Bioequivalence study data is used to determine if a generic drug is equivalent to a brand-name drug, such as linagliptin, in terms of pharmacokinetic parameters like:

• Area under the curve (AUC)
• Maximum concentration (Cmax) The data from the drug label shows that linagliptin has a mean plasma AUC of 139 nmol*h/L and a Cmax of 8.9 nmol/L after a single 5 mg dose. To determine bioequivalence, the generic drug must have similar pharmacokinetic parameters to the brand-name drug, linagliptin, as defined by the FDA 2. The FDA considers a generic drug to be bioequivalent to a brand-name drug if the 90% confidence intervals for the ratio of the generic drug to the brand-name drug for AUC and Cmax fall within the range of 80% to 125% 2.

From the Research

Bioequivalence Study Data

Bioequivalence study data is used to determine if a generic drug is equivalent to a brand-name drug in terms of pharmacokinetic parameters like area under the curve (AUC) and maximum concentration (Cmax) 3, 4, 5, 6.

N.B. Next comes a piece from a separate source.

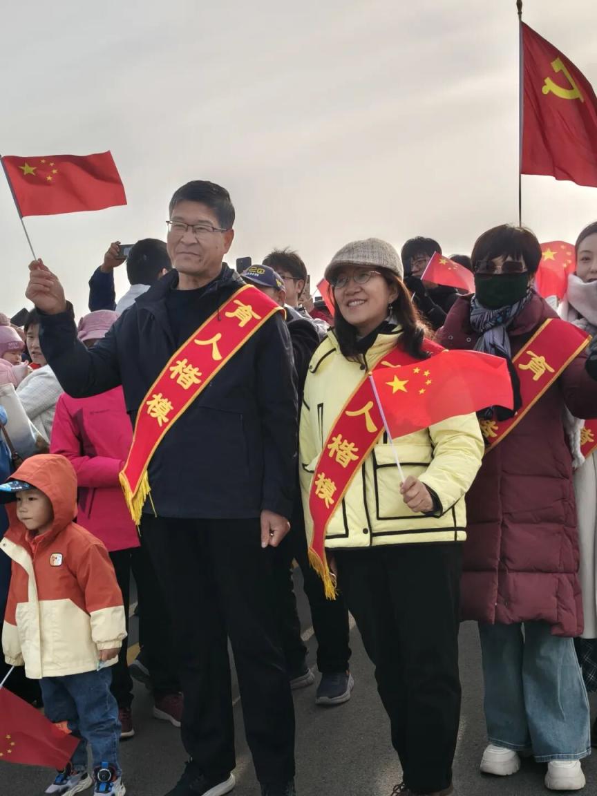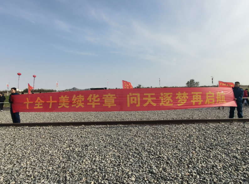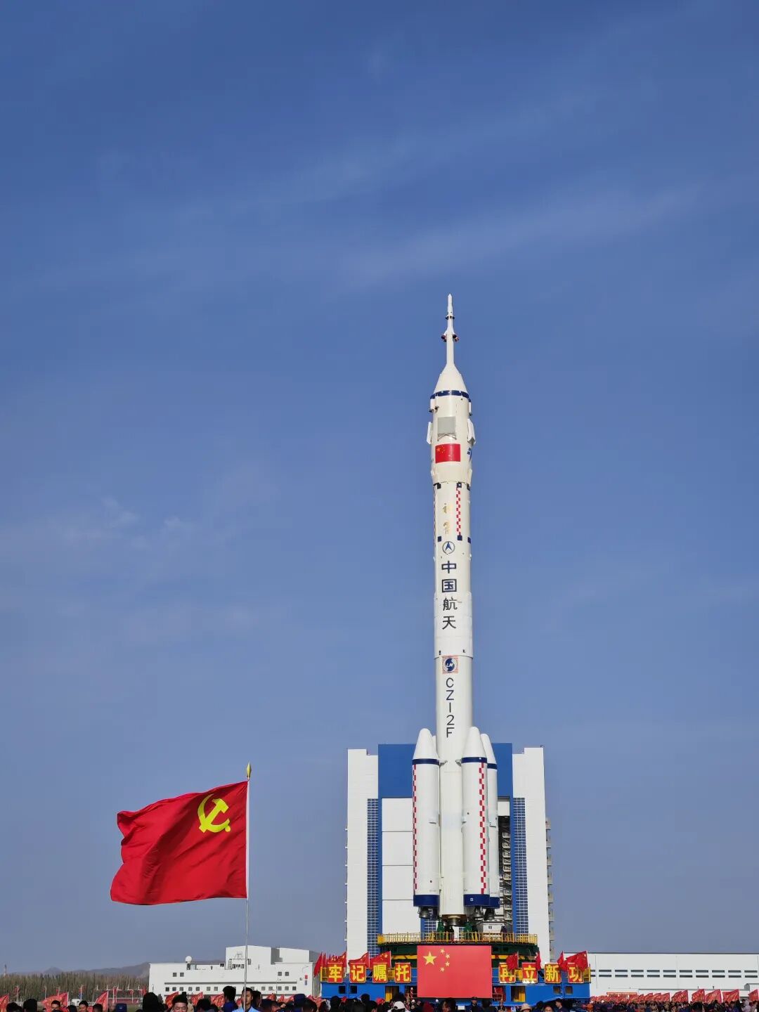 大漠的风并没有吹灭航天人家属的热情,家属们早早地就在厂房附近排起了队,他们手拿红旗和标语,守护在火箭身边。岗位标兵、先进模范、质量先锋、航天功臣……鲜红的绶带彰显着每一位航天人的付出,诉说着他们和家人对航天事业的热爱。此时,远处狼心山静默矗立,见证着这戈壁上的温情时刻。

• The US Food and Drug Administration requires that the 90% confidence interval of the pharmacokinetic (PK) ratio should lie between 0.80 and 1.25 for a generic drug to be deemed bioequivalent to a branded drug 3.
• Bioequivalence is studied in randomized crossover trials that compare the generic drug with the reference agent, and the relevant outcome measures are pharmacokinetic (PK) parameters such as peak drug concentration and area under the curve 3.
• The ratio of each PK characteristic of the generic drug to the reference drug is computed, with an ideal value of 1:1, or just 1.00, indicating a perfect match, or perfect bioequivalence 3.

Pharmacokinetic Parameters

The pharmacokinetic parameters used to assess bioequivalence include:

• Area under the plasma concentration-time curve (AUC), which characterizes the extent of drug absorption 4, 5, 6.
• Maximum drug concentration (Cmax), which characterizes the absorption rate 4, 5, 6.
• Time of maximum plasma concentration (tmax) 5.

Example: Linagliptin

Linagliptin is an oral, highly selective inhibitor of dipeptidyl peptidase-4, used in the management of type 2 diabetes mellitus 7.

• The efficacy of oral linagliptin in the treatment of adults with type 2 diabetes has been investigated in several double-blind, multicentre trials 7.
• Linagliptin was more effective than voglibose in a 26-week monotherapy trial and noninferior to glimepiride when used as add-on therapy to metformin in a 104-week study 7.

Study Designs

Bioequivalence studies can be conducted using various designs, including:

• Crossover design, which is the most common design used in bioequivalence studies 3, 5, 6.
• Parallel design, which is rarely used in bioequivalence studies 6.
• Replicated design, which can be used to increase the precision of the estimates 5.
• Add-on design, which can be used to compare the bioavailability of two or more drug products 5.